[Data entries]

------

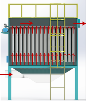 布袋除尘器由灰斗、中箱体、上箱体、进出风管、滤袋与框架、喷吹装置、排料机构、电控系统等部分组成,中箱体可为分室或分组结构。工作时,含尘气体由进气口进入灰斗通过滤袋时,尘气得以分离,粉尘阻流在布袋外表面,净气则经过滤袋进入上箱体,再经上箱体上部出口、由风机排出,粉尘积附在滤袋内表面,且不断增厚,使收尘器的阻力不断上升。当控制柜时间继电给出清灰信号时,脉冲阀按事先设定的程序逐排启动电磁脉冲阀,脉冲阀得到信号后,瞬间释放压缩空气,并引射周围空气形成强大的气流对布袋进行反向清灰,清理附在滤袋外表面的粉尘,粉尘在重力的作用下沉入灰斗料仓,由卸灰阀排出。清灰结束后,滤袋又进入过滤状态。
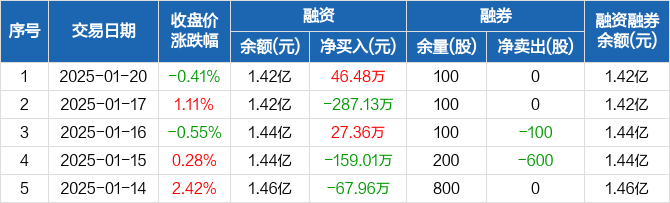 厦门空港:融资净买入46.48万元,融资余额1.42亿元(01-20)
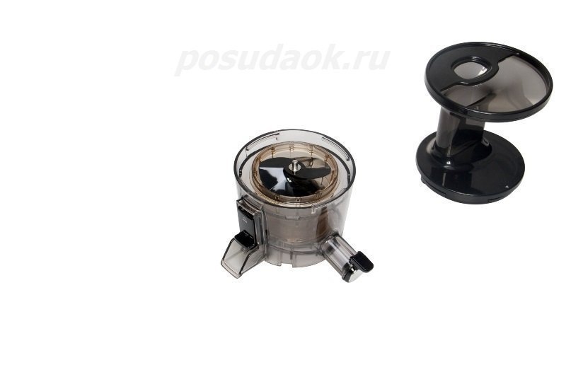 Вертикальная соковыжималка Hurom H-100 белого цвета с технологией бессеточного отжима. В отжимной корзине используется набор из двух решеток, вставляющихся друг в друга. Форма отверстия для прохождения сока представляет собой вытянутые по вертикали арки. Благодаря такой форме, в сок попадает минимальной количество жмыха, а мойка аппарата после использования занимает меньше минуты и в большинстве случаев не требует применения щеток для чистки.
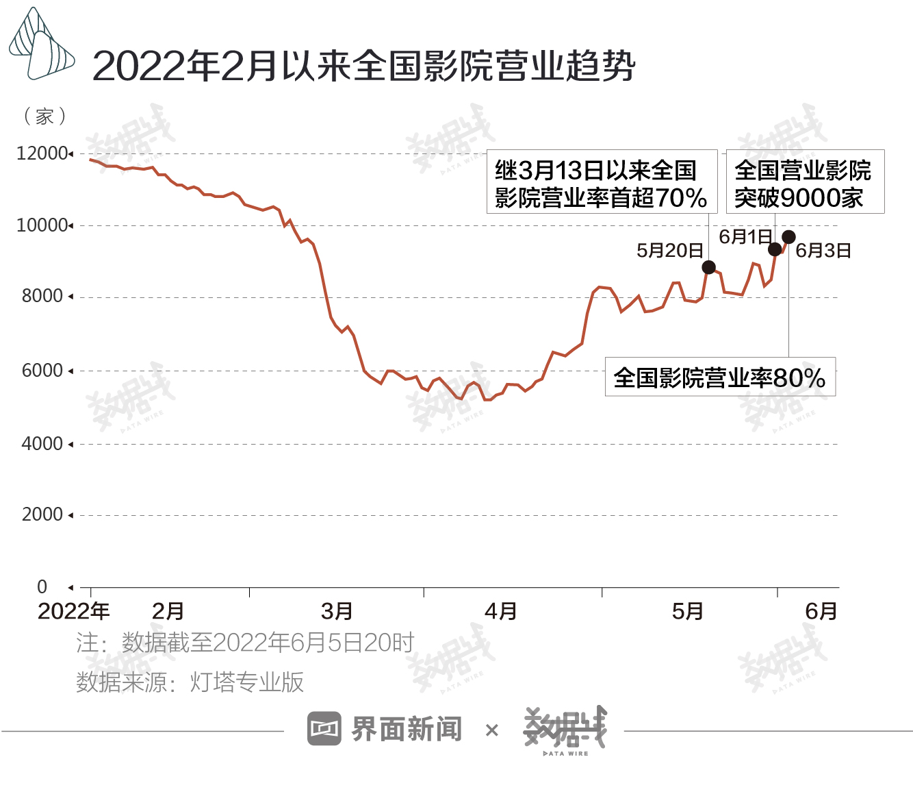 全国影院营业率恢复至约8成。据灯塔专业版数据,截至6月5日20时,6月4日全国营业影院总数9657家,连续4天超9000家,全国影院营业率为79.8%(有票房上报的影院)。此前,5月20日全国影院营业率继3月13日以来、时隔68天首次超过70%。14天后,6月3日全国影院营业率达80%。
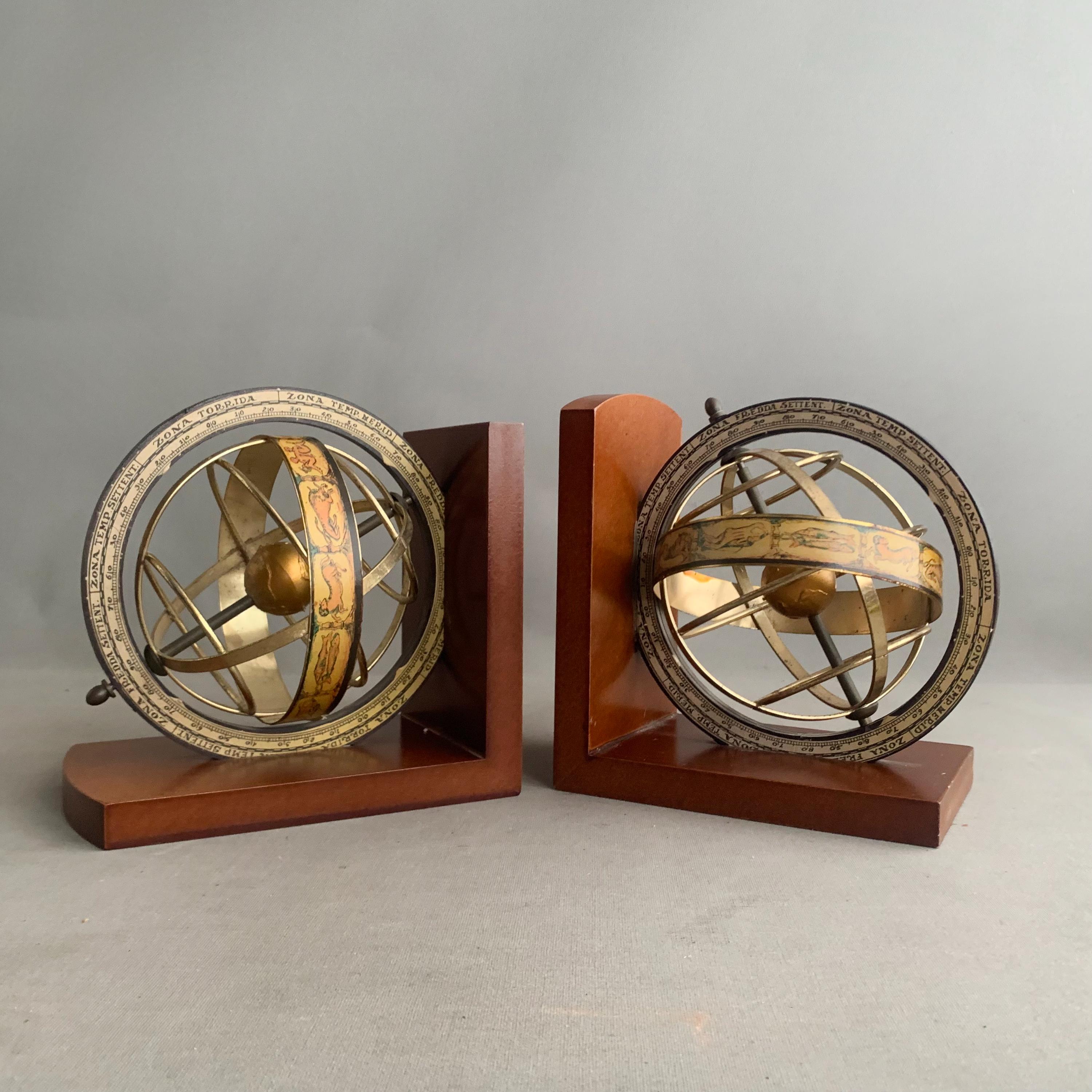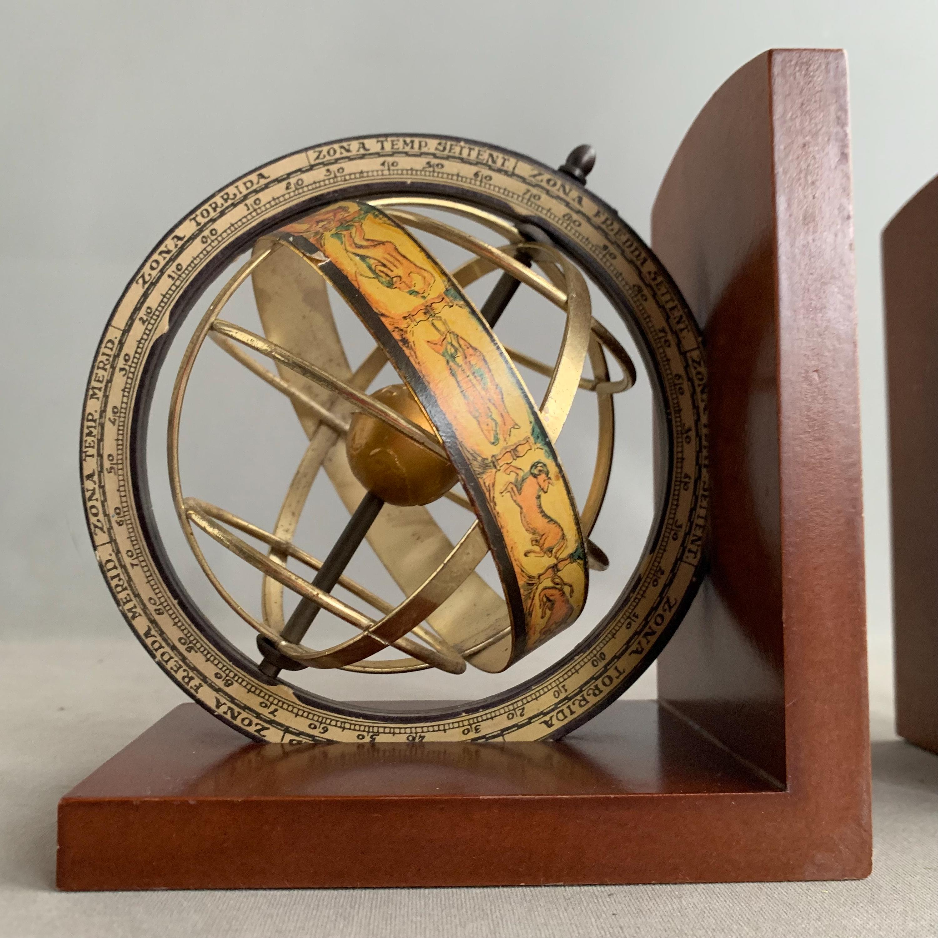 Armillary Sphere Astrological Zodiac Globe Bookends. In exellent condition
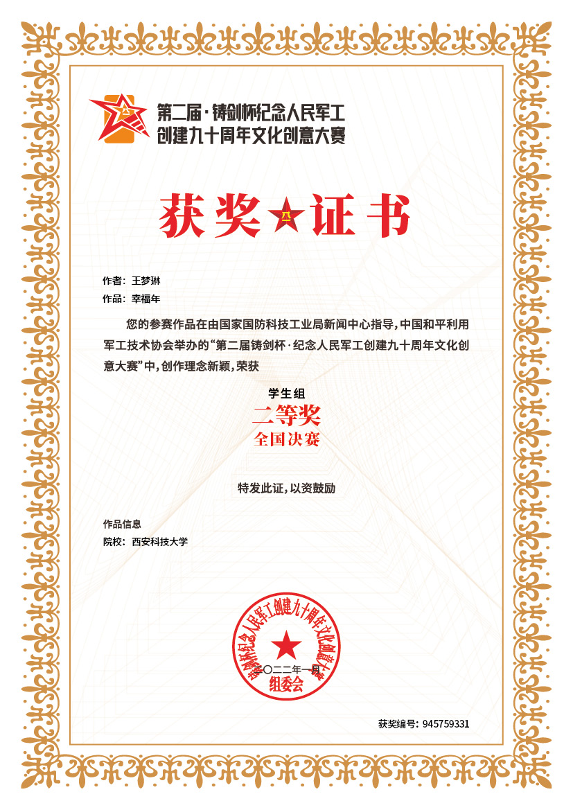 近日,由国家国防科技工业局新闻宣传中心、中国和平利用军工技术协会主办,《国防工业科技》杂志、《中国军转民》杂志承办,中国军转民国防教育普及办公室、大连平面协会等有关单位和大连理工大学建筑与艺术学院、大连工业大学艺术设计学院等高校协办的第二届“铸剑杯”纪念人民军工创建九十周年文化创意大赛落下帷幕。此次赛事参赛人数共6770人,收到来自全国各院校的16772件作品。
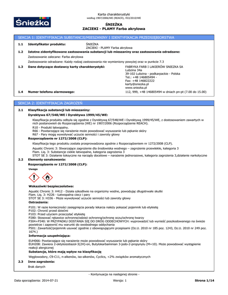 Karta charakterystyki według 1907/2006/WE (REACH), 453/2010/WE ŚNIEŻKA ZACIEKI - PLAMY Farba akrylowa SEKCJA 1: IDENTYFIKACJA SUBSTANCJI/MIESZANINY I IDENTYFIKACJA PRZEDSIĘBIORSTWA 1.1 1.2 Identyfikator produktu: ŚNIEŻKA ZACIEKI - PLAMY Farba akrylowa Istotne zidentyfikowane zastosowania substancji lub mieszaniny oraz zastosowania odradzane: Zastosowanie zalecane: Farba akrylowa Zastosowanie odradzane: Każdy rodzaj zastosowania nie wymieniony powyżej oraz w punkcie 7.3 1.3 Dane dotyczące dostawcy karty charakterystyki: 1.4 Numer telefonu alarmowego: FABRYKA FARB I LAKIERÓW SNIEZKA SA Lubzina 34a 39-102 Lubzina - podkarpackie - Polska Tel.: +48 146805494 Fax: +48 146822222 [email protected] www.sniezka.pl 112, 999, +48 146805494 w dniach pn-pt (7.00 do 15.00) SEKCJA 2: IDENTYFIKACJA ZAGROŻEŃ 2.1 Klasyfikacja substancji lub mieszaniny: Dyrektywa 67/548/WE i Dyrektywa 1999/45/WE: Klasyfikacja produktu odbyła się zgodnie z Dyrektywą 67/548/WE i Dyrektywą 1999/45/WE, z dostosowaniem zawartych w nich postanowień do Rozporządzenia (WE) nr 1907/2006 (Rozporządzenie REACH). R10 - Produkt łatwopalny. R66 - Powtarzające się narażenie może powodować wysuszanie lub pękanie skóry R67 - Pary mogą wywoływać uczucie senności i zawroty głowy Rozporządzenie nr 1272/2008 (CLP): Klasyfikacja tego produktu została przeprowadzona zgodnie z Rozporządzeniem nr 1272/2008 (CLP). 2.2 Aquatic Chronic 3: Stwarzające zagrożenie dla środowiska wodnego – zagrożenie przewlekłe, kategoria 3 Flam. Liq. 3: Substancje ciekłe łatwopalne, kategoria zagrożenia 3 STOT SE 3: Działanie toksyczne na narządy docelowe – narażenie jednorazowe, kategoria zagrożenia 3,działanie narkotyczne Elementy oznakowania: Rozporządzenie nr 1272/2008 (CLP): Uwaga Wskazówki bezpieczeństwa: Aquatic Chronic 3: H412 - Działa szkodliwie na organizmy wodne, powodując długotrwałe skutki Flam. Liq. 3: H226 - Łatwopalna ciecz i pary STOT SE 3: H336 - Może wywoływać uczucie senności lub zawroty głowy Ostrzeżenia: P101: W razie konieczności zasięgnięcia porady lekarza należy pokazać pojemnik lub etykietę P102: Chronić przed dziećmi P103: Przed użyciem przeczytać etykietę P280: Stosować rękawice ochronne/odzież ochronną/ochronę oczu/ochronę twarzy P304+P340: W PRZYPADKU DOSTANIA SIĘ DO DRÓG ODDECHOWYCH: wyprowadzić lub wynieść poszkodowanego na świeże powietrze i zapewnić mu warunki do swobodnego oddychania P501: Zawartość/pojemnik usuwać zgodnie z obowiązującymi przepisami (Dz.U. 2010 nr 185 poz. 1243, Dz.U. 2010 nr 249 poz. 1674.) Informacja uzupełniająca: EUH066: Powtarzające się narażenie może powodować wysuszanie lub pękanie skóry EUH208: Zawiera 2-oktyloizotiazol-3(2H)-on, Butylokarbaminian 3-jodo-2-propynylu (M=10). Może powodować wystąpienie reakcji alergicznej Substancje, które mają wpływ na klasyfikację Węglowodory, C9-C11, n-alkenów, iso-alkenów, Cyclics, <2% związków aromatycznych 2.3 Inne zagrożenia: Brak danych - Kontynuacja na następnej stronie - Data sporządzenia: 2014-07-21 Wersja: 1 Strona 1/14 Karta charakterystyki według 1907/2006/WE (REACH), 453/2010/WE ŚNIEŻKA ZACIEKI - PLAMY Farba akrylowa SEKCJA 3: SKŁAD/INFORMACJA O SKŁADNIKACH Opis chemiczny: Mieszanina na bazie żywicy akrylowej w rozpuszczalnikach Składniki: Zgodnie z Załącznikiem II do Rozporządzenia (WE) nr 1907/2006 (punkt 3), Produkt zawiera: Identyfikacja Nazwa chemiczna/klasyfikacja Stężenie Węglowodory, C9-C11, n-alkenów, iso-alkenów, Cyclics, <2% związków Klas. dost. CAS: Nie dotyczy aromatycznych EC: 919-857-5 Index: Nie dotyczy Dyrektywa 67/548/WE Xn: R65; R10; R66; R67 REACH: 01-2119463258-33-XXXX Aquatic Chronic 3: H412; Asp. Tox. 1: H304; Flam. Liq. 3: H226; STOT SE 3: H336 Rozporządzenie 1272/2008 Niebezpieczeństwo Diizomaślan 1-izopropylo-2,2-dimetylotrimetylenu CAS: 6846-50-0 EC: 229-934-9 Dyrektywa 67/548/WE Index: Nie dotyczy REACH: 01-2119451093-47-XXXX Rozporządzenie 1272/2008 Aquatic Chronic 3: H412 Niesklasyfikowa 2-(2-butoksyetoksy)etanol CAS: 112-34-5 EC: 203-961-6 Dyrektywa 67/548/WE Xi: R36 Index: 603-096-00-8 REACH: 01-2119475104-44-XXXX Rozporządzenie 1272/2008 Eye Irrit. 2: H319 - Uwaga ATP CLP00 CAS: 55406-53-6 EC: 259-627-5 Index: 616-212-00-7 REACH: Nie dotyczy Butylokarbaminian 3-jodo-2-propynylu (M=10) Dyrektywa 67/548/WE 20 - <50 % 1 - <5 % 0,1 - <0,5 % ATP ATP06 N: R50; T: R23, R48/23; Xi: R41, R43; Xn: R22 0,1 - <0,5 % Acute Tox. 3: H331; Acute Tox. 4: H302; Aquatic Acute 1: H400; Aquatic Chronic Rozporządzenie 1272/2008 1: H410; Eye Dam. 1: H318; Skin Sens. 1: H317; STOT RE 1: H372 Niebezpieczeństwo Dokładne brzmienie zwrotów R i H patrz sekcja 16 SEKCJA 4: ŚRODKI PIERWSZEJ POMOCY 4.1 Opis środków pierwszej pomocy: Objawy w wyniku zatrucia mogą wystąpić dopiero po narażeniu, w związku z czym w razie wątpliwości, bezpośredniego narażenia na produkt chemiczny lub przeciągającego się złego samopoczucia należy skonsultować się z lekarzem i pokazać mu Kartę Charakterystyki produktu. Przez wdychanie: Usunąć poszkodowanego z miejsca narażenia, zapewnić mu dostęp świeżego powietrza i odpoczynek. W ciężkich przypadkach tj. zatrzymanie krążenia i oddychania, należy zastosować sztuczne oddychanie (metoda usta-usta, masaż serca, dostarczenie tlenu, itd.) i natychmiast wezwać pomoc lekarską. Przez kontakt ze skórą: Zdjąć zanieczyszczone ubranie i buty, oczyścić skórę lub umyć poszkodowanego mydłem naturalnym , spłukując obficie zimną wodą. W przypadku poważnych dolegliwości należy się udać do lekarza. Jeżeli mieszanka spowodowała oparzenia lub odmrożenia, nie wolno zdejmować ubrania z poszkodowanego, gdyż w sytuacji, gdy ubranie jest przylepione do skóry może to spowodować jeszcze większe obrażenia. Jeśli na skórze pojawią się pęcherze, nie wolno ich przekłuwać, ponieważ może to zwiększyć ryzyko infekcji. Przez kontakt z oczami: Obficie pł
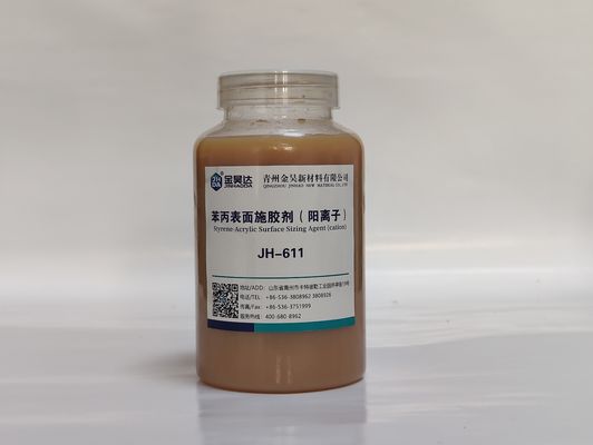 JINHAODA JH-611のカチオンのスチレンのアクリルの表面のサイジング代理店はペーパー表面の処置のための優秀な特性が付いている薄茶の液体である。それはアクリレイトの共重合体で構成されるカチオンのスチレンのアクリルの表面のサイジング代理店で水で溶ける。代理店は優秀な分散、防水およびぬれた強さの特性を提供し、0-40℃の温度で安定している。

------

**What is expected**.
Leaving every picture aside, reproduce exactly the lines above from the one with "Armillary Sphere Astrological" up to and including the one with "近日,由国家国防科技工业局新", and no others.

**Answer to this task**.
 Armillary Sphere Astrological Zodiac Globe Bookends. In exellent condition
 近日,由国家国防科技工业局新闻宣传中心、中国和平利用军工技术协会主办,《国防工业科技》杂志、《中国军转民》杂志承办,中国军转民国防教育普及办公室、大连平面协会等有关单位和大连理工大学建筑与艺术学院、大连工业大学艺术设计学院等高校协办的第二届“铸剑杯”纪念人民军工创建九十周年文化创意大赛落下帷幕。此次赛事参赛人数共6770人,收到来自全国各院校的16772件作品。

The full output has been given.